DeepRank / pdb2sql

Fast and versatile biomolecular structure PDB file parser using SQL queries
https://pdb2sql.readthedocs.io
Apache License 2.0
24 stars 12 forks source link

compute_lrmsd_pdb2sql works only if there is no missing backbone atom #85

Open FarzanehParizi opened 2 years ago

FarzanehParizi commented 2 years ago

Describe the bug If a backbone atom is missing in the Ligand part of one of the two PDBs, _compute_lrmsdpdb2sql does not report it and leads to an error

Environment:

To Reproduce

  1. Input these two PDBs:

    BL00190001_decoy.txt BL00190001_ref.txt

sim = StructureSimilarity(decoy_path, ref_path) lrmsd = sim.compute_lrmsd_pdb2sql(exportpath=None, method='svd')

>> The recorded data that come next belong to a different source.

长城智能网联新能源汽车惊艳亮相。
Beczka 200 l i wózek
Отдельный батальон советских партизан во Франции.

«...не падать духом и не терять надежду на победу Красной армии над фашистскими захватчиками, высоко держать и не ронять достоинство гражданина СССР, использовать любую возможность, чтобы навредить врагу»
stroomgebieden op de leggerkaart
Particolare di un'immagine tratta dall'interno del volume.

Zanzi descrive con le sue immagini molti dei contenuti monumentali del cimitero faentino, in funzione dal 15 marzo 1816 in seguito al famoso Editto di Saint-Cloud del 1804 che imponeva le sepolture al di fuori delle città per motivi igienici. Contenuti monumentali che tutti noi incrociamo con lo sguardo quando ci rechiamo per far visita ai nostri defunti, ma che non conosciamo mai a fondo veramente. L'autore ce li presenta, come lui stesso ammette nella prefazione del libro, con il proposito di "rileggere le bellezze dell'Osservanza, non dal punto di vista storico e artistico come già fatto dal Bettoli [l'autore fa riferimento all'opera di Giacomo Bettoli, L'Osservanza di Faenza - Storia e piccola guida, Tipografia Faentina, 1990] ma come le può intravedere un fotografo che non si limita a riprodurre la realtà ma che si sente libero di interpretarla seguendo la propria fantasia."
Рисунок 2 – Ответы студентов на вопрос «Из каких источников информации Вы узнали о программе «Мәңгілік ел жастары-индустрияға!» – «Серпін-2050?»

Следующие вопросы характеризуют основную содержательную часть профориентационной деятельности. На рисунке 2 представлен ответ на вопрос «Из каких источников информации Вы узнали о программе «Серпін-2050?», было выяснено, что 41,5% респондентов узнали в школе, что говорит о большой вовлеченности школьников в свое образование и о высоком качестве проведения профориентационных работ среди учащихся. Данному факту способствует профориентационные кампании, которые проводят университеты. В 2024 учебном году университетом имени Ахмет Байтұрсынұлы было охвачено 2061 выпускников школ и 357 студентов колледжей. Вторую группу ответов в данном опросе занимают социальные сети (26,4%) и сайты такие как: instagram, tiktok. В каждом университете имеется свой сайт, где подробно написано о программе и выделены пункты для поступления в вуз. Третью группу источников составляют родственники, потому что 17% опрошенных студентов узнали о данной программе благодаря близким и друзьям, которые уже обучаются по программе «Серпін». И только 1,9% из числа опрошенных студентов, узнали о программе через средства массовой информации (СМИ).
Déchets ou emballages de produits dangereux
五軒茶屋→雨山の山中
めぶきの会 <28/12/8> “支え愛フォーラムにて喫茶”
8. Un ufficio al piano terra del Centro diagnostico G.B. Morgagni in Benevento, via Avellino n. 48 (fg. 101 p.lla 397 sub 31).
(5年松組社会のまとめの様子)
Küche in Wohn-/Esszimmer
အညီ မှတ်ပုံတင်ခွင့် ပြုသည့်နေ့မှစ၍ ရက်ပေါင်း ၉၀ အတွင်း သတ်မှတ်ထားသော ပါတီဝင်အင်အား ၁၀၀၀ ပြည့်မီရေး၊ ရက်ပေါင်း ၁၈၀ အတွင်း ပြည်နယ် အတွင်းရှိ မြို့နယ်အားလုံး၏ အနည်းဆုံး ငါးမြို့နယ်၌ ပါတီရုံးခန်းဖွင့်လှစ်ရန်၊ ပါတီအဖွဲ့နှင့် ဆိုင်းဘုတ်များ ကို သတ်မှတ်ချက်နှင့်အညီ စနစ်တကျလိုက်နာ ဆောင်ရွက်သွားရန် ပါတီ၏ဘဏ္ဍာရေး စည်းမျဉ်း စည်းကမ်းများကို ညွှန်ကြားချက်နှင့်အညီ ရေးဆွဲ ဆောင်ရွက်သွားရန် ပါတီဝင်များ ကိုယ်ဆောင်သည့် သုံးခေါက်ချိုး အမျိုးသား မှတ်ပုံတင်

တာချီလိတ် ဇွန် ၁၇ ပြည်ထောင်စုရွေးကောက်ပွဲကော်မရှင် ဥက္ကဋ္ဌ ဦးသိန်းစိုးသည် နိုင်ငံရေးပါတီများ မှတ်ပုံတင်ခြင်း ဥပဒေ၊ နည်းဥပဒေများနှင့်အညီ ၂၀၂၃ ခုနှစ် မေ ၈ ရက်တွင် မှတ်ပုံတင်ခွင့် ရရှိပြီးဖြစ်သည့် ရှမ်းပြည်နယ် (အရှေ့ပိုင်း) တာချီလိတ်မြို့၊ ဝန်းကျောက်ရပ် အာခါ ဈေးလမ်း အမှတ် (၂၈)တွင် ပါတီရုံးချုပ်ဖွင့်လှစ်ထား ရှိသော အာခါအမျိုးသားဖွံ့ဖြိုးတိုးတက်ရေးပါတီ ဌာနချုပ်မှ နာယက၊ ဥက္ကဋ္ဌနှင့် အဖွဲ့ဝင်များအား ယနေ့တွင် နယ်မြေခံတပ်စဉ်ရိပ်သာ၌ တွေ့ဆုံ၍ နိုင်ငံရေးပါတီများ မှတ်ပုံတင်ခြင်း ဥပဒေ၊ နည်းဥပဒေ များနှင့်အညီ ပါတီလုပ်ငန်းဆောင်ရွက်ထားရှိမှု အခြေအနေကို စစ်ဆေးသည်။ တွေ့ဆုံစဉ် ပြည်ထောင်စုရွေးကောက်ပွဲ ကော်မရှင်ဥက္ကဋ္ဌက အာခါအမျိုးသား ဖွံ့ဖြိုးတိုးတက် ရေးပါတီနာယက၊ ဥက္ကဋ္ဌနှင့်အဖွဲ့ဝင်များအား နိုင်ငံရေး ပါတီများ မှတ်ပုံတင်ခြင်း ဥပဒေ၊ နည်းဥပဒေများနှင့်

Expected Results calculates the LRMSD value even if one (or more) of the backbone atoms is missing or prints a proper error message to report the mismatched backbone atom(s)

Actual Results or Error Info

624         # compute the RMSD
625         lrmsd = self.get_rmsd(xyz_decoy_short, xyz_ref_short)
626 
627         # export the pdb for verifiactions

             ..../pdb2sql/pdb2sql/StructureSimilarity.py in get_rmsd(P, Q)
1280         """
1281         n = len(P)
1282         return round(np.sqrt(1. / n * np.sum((P - Q)**2)), 3)

Additional Context The compute_lrmsd_fast does not have this problem and prints the backbone LRMSD value

NicoRenaud commented 2 years ago

Hey @FarzanehParizi thanks for testing the code. Indeed if the residue were matching but not the atoms in each residues the code was failing. I've fixed that and tested the code on the two pdbs you linked and it seems to be working. Could you double check ?

NicoRenaud commented 2 years ago

Code in #82

FarzanehParizi commented 2 years ago

Thanks @NicoRenaud for the check . With this new fix this new error message is then printed:

rmsd = sim.compute_lrmsd_pdb2sql(exportpath=None, method='svd') File "..../pdb2sql/pdb2sql/StructureSimilarity.py", line 597, in compute_lrmsd_pdb2sql if self.check_residues() is False: File "..../pdb2sql/StructureSimilarity.py", line 100, in check_residues raise ValueError( ValueError: Atoms not identical in ref and decoy. Set enforce_residue_matching=False to bypass this error.

But the residue numbering is identical in two PDBs, only one PDB has two extra atoms for one of the residues.

it only works if setting _enforce_residuematching to False, and then prints the Warning message:

.../pdb2sql/StructureSimilarity.py:103: UserWarning: Atoms not identical in ref and decoy. warnings.warn('Atoms not identical in ref and decoy.')

NicoRenaud commented 2 years ago

Yes that would be the expected behavior no ? We can refine the error message so that the exact atom/residue is printed as well if you think that's better

FarzanehParizi commented 2 years ago

I am puzzled, should not pdbsql ignore missing residues/atoms? So if there is a missing atom in one PDB ignore that also for the other PDB? Maybe I am wrong in this case. @LilySnow what is your opinion?

NicoRenaud commented 2 years ago

@FarzanehParizi I think that's what happening here. There is a step where we extract the common atoms of both PDB and use only those to compute the rmsd

FarzanehParizi commented 2 years ago

So then it should give an RMSD value for this case, not an error. Even if I use only 'CA' LRMSD, it still leads to error (the difference in two PDBs is only one of them has a residue which has two extra atoms: O and OXT ... not "CA")

NicoRenaud commented 2 years ago

I've changed the code so that we use the filter specified when calling compute_lrmsd (e.g. name=['CA']) when checking if the residues are matching. Let me know if that works out for you. I think we should refactor the StructureSimilarity cause it is now a big mess. We should probably sit down for a bit and define the requirement and API and rewrite it from scratch

github-actions[bot] commented 2 years ago

This issue is stale because it has been open for 30 days with no activity. Remove stale label or comment or this will be closed in 7 days.